[Material shown]:
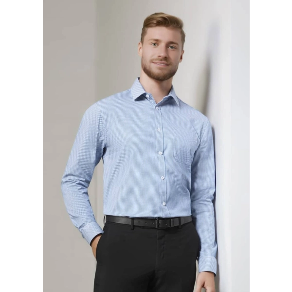 Features: Modern collar, chest pocket, twin back pleats and adjustable cuff
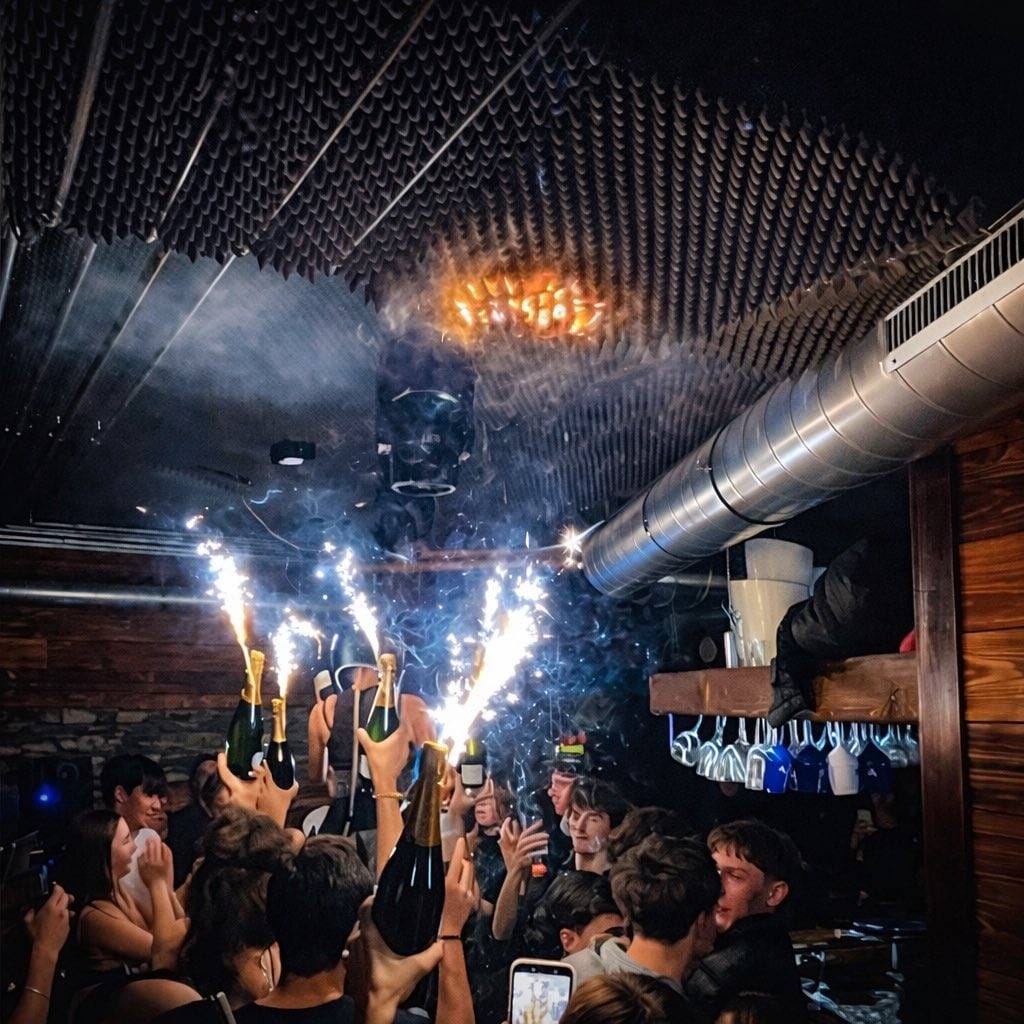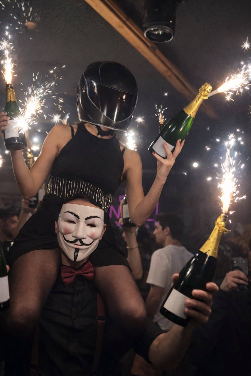 Minuit vient de sonner. La piste est en transe lorsque surgit le rituel le plus attendu de la soirée : une serveuse perchée sur les épaules d’un collègue traverse la foule, brandissant deux bouteilles de champagne surmontées de bougies incandescentes. La jeune femme porte un casque intégral, l’homme un masque de Guy Fawkes [2].
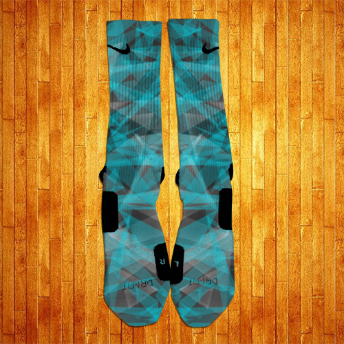 Inspired by the Lebron XI Gamma Blue, these socks sport a Grey and Gamma Blue prism style design accented with Grey Splatters.
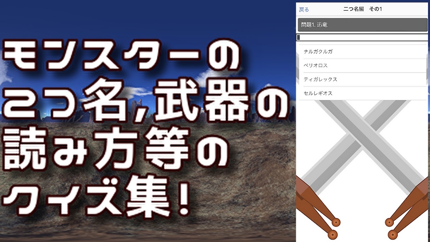 ครั้งนี้ ฉันทำแอพตอบคำถามสำหรับซีรีย์ Monster Hunter ฟรี สำหรับตอนนี้ เราได้บันทึกชื่อสัตว์ประหลาดสองชื่อและแบบทดสอบเกี่ยวกับวิธีการอ่านอาวุธ แต่เราวางแผนที่จะอัปเดตคำถามเป็นครั้งคราว ขอขอบคุณ
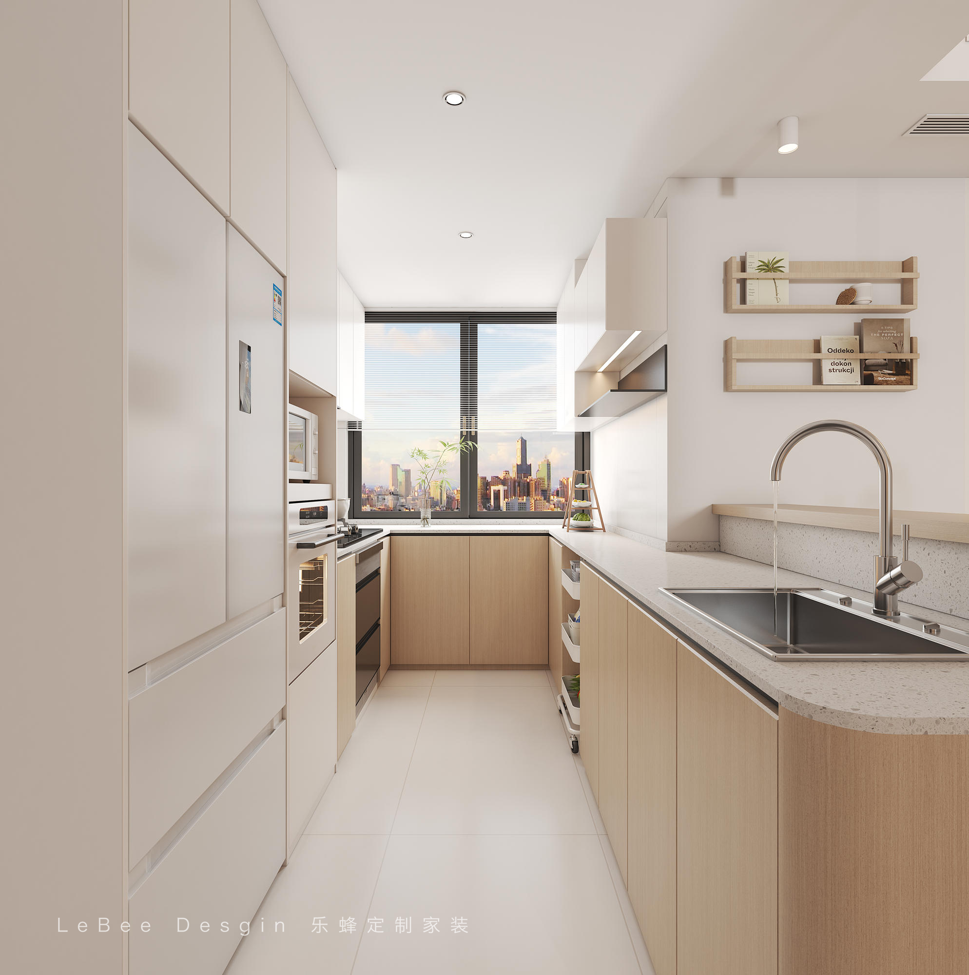 - 廚房效果圖 - 6㎡的廚房采用開放式設計,半高隔斷搭配開扇窗,讓整個公共區域更加通透,自然串聯。
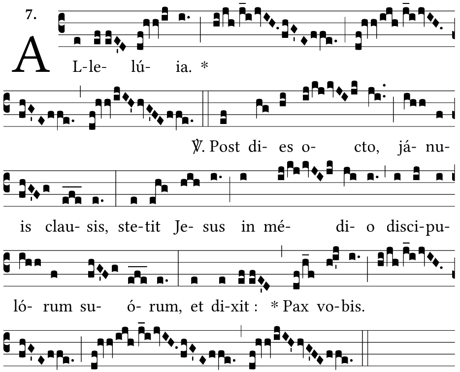 Allelúia. Post dies octo, jánuis clausis, stetit Jesus in médio discipulórum suórum, et dixit : Pax vobis. Allelúia.
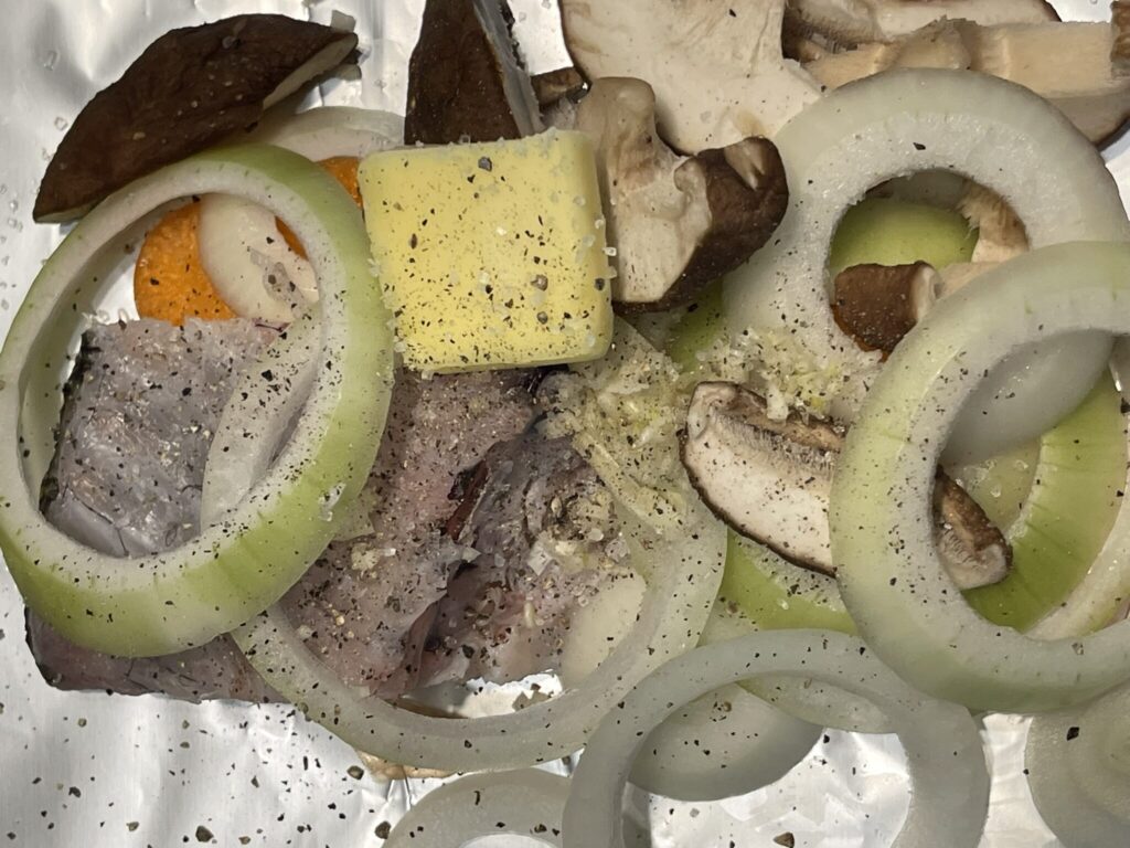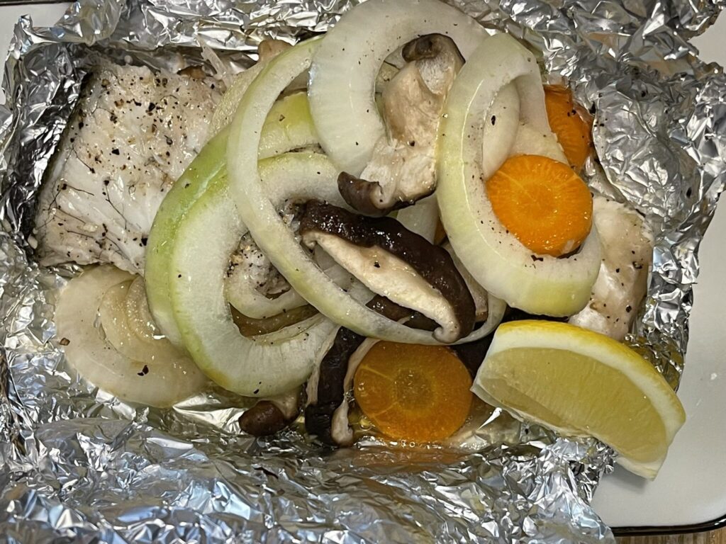アルミホイルを大きく広げ、魚丸ごとはそのまま、切り身は皮を下にして置く。横に人参、上に玉ねぎやきのこ、にんにく、バターをのせ、塩胡椒して包む。破れないように注意(二重にしても良い)
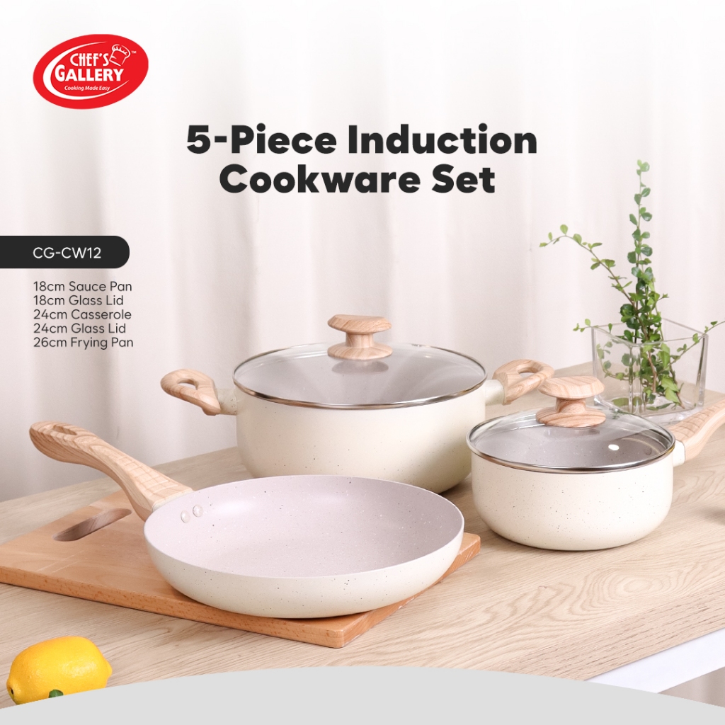 Chef's Gallery Induction Non-Stick Cookware Set 3-Piece or 5-Piece Vienne PFOA Free Bakelite Handle
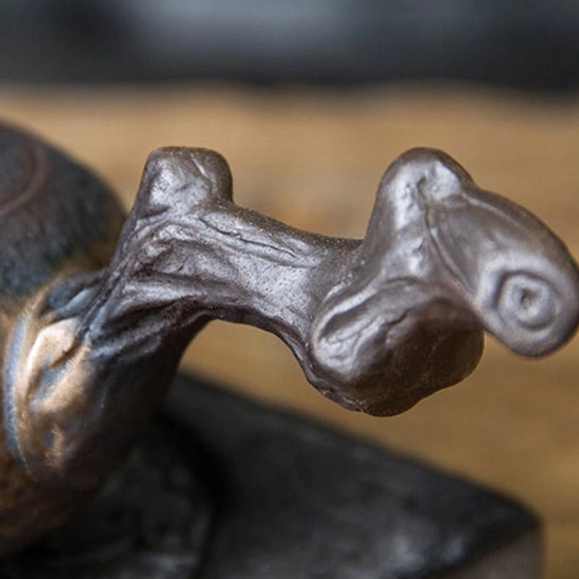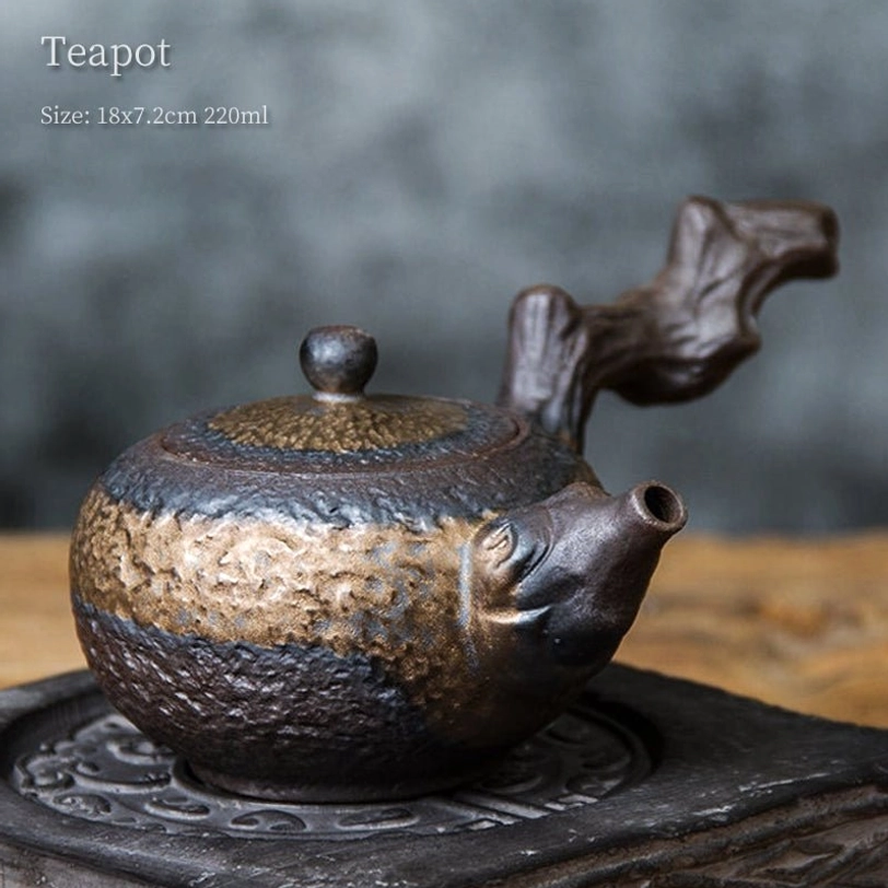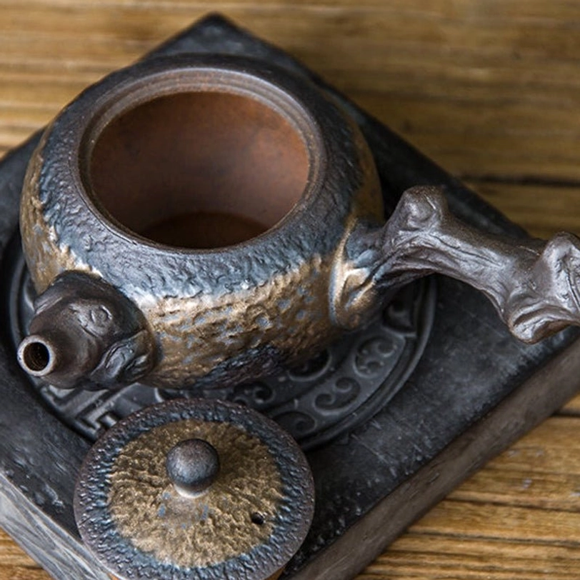 This one-of-a-kind ceramic kyusu draws inspiration from natural woodland forms, with a side handle shaped like a gnarled withered branch and a sculpted spout that evokes organic wildlife. The textured hammered glaze pairs deep warm brown with subtle metallic bronze accents for a rustic, artful look that stands out on any tea table.

[Your objective]:
Going back to the data above, write out everything from the line with "アルミホイルを大きく広げ、魚" down to the line with "Chef's Gallery Induction", both included, leaving every picture out.

[Result of the task]:
アルミホイルを大きく広げ、魚丸ごとはそのまま、切り身は皮を下にして置く。横に人参、上に玉ねぎやきのこ、にんにく、バターをのせ、塩胡椒して包む。破れないように注意(二重にしても良い)
 Chef's Gallery Induction Non-Stick Cookware Set 3-Piece or 5-Piece Vienne PFOA Free Bakelite Handle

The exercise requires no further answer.